China protests full THAAD deployment

By Zhang Hui Source:Global Times Published: 2017/9/7 23:23:39 Last Updated: 2017/9/8 7:52:17

S.Korea, US decision ‘brings peninsula closer to war’

Korean People's Army soldiers cheer on Wednesday while watching a fireworks display during a mass celebration in Pyongyang for scientists involved in carrying out North Korea's largest nuclear test to date. Photo: AFP

China lodged a strong protest with South Korea Thursday for installing the remaining launchers of the US anti-missile Terminal High Altitude Area Defense (THAAD) system, which analysts say drives the Korean Peninsula closer to war.
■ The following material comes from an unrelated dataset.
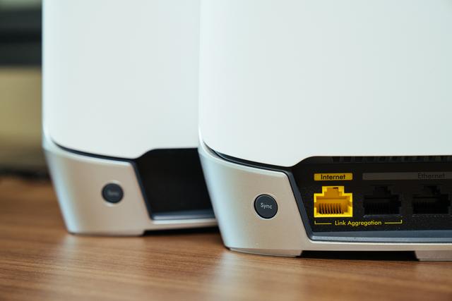 在路由器背面接口处的左侧,设计有Sync同步按钮,通过它可以实现自动配对组Mesh网络。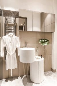 • Swanky bedroom with bespoke joinery, bold wall decorations and ensuite with Italian designer sanitary ware.

The four remaining launchers and other elements of THAAD were transported Thursday morning to a former golf course amid clashes between anti-THAAD civilians and 8,000 riot policemen that injured 30.
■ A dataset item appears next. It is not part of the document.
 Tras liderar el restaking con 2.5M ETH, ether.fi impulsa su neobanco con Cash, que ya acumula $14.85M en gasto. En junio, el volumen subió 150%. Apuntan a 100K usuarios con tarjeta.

Chinese foreign ministry spokesperson Geng Shuang reiterated China's firm opposition to the THAAD deployment on Thursday.

"I strongly urge the US and South Korea to value the security interests of China and other regional countries and immediately halt the deployment and remove the relevant equipment. China has lodged serious representations with South Korea," he said.
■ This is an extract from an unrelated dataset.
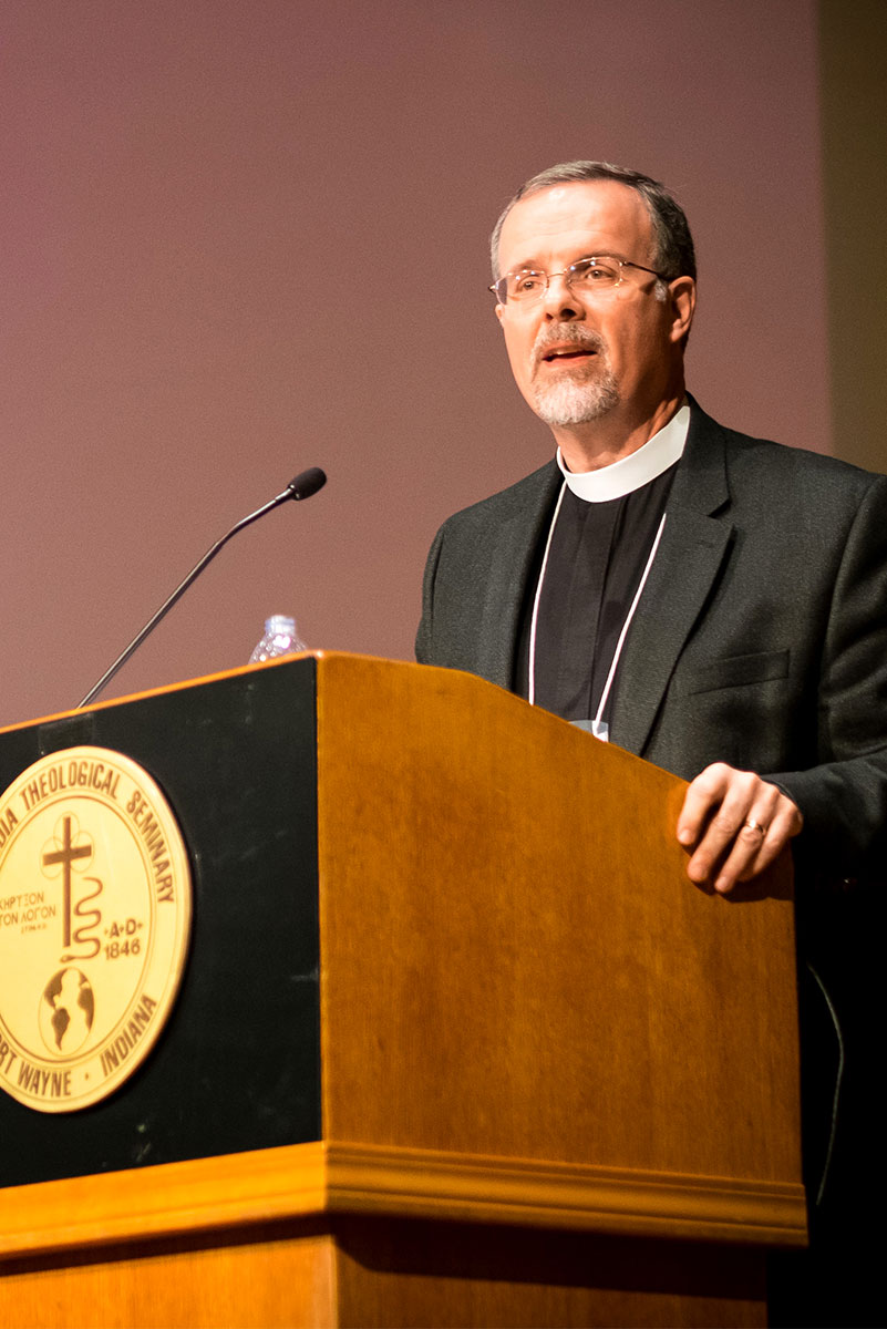 The Rev. Dr. Paul Grime speaks about Lutheran Service Book as the Good Shepherd Institute marked the hymnal’s 10th anniversary. (LCMS/Michael Schuermann)

South Korea's defense ministry said the further deployment was aimed at dealing with rising nuclear and missile threats from North Korea, the Xinhua News Agency reported.

The deployment of the remaining elements indicated that THAAD is now in full operation, but it does nothing to protect South Korea because the system cannot intercept intercontinental ballistic missiles (ICBM) and long-range missiles launched by North Korea, Li Jie, a Beijing-based military expert, told the Global Times.

The system only serves as the US' comprehensive anti-missile system, he said.

"More importantly, the US could use its THAAD to eavesdrop on China and Russia, monitor their bombers and missiles, and to intercept and even strike them," Xu Guangyu, a senior adviser to the China Arms Control and Disarmament Association, told the Global Times.

China is able to destroy the THAAD system using its Dongfeng-21 mid-range missile and jam its radar system by using electromagnetic pulse (EMP) signals, Li said.

South Korea's deployment of the remaining THAAD launchers comes after reports that North Korea is preparing to launch an intercontinental ballistic missile (ICBM) this week, following its sixth and largest nuclear test on Sunday.

"The deployment, which is similar in nature to North Korea's missile tests, cannot solve the Korean Peninsula issue, but would merely exacerbate the already chaotic situation and drive the Peninsula closer to war," Zheng Jiyong, director of Shanghai-based Fudan University's Center for Korean Studies, told the Global Times.

He warned that South Korea will be the worst affected, because the THAAD's deployment has made it the frontline of the US in the Korean Peninsula conflict.


Aside from China, Russia has also repeatedly stated its opposition to the THAAD deployment in South Korea.

The deployment has strained South Korea's ties with China and Russia, and would easily become the target of the two countries' response through diplomatic and military channels, Xu said.

China and Russia will take necessary measures, jointly or individually, to safeguard their national security interests and the regional strategic balance, Chinese President Xi Jinping said in July.

Xi told his US counterpart Donald Trump in a telephone conversation late Wednesday that China remains committed to the denuclearization of the Korean Peninsula.

Trump said Washington has been deeply concerned over the ongoing situation on the Korean Peninsula, and attaches importance to China's essential role in resolving the issue.

Xi reiterated China's stance during a phone conversation with german chancellor Angela Merkel on Thursday, saying China has been adamant in preserving international nuclear non-proliferation, maintaining peace and stability on the peninsula, and resolving the nuclear issue through talks.

"China has done a lot to denuclearize the peninsula, and it's the US who does not want to see a peaceful peninsula, because a chaotic situation gives it an excuse to deploy strategic weapons in the region," Zheng said.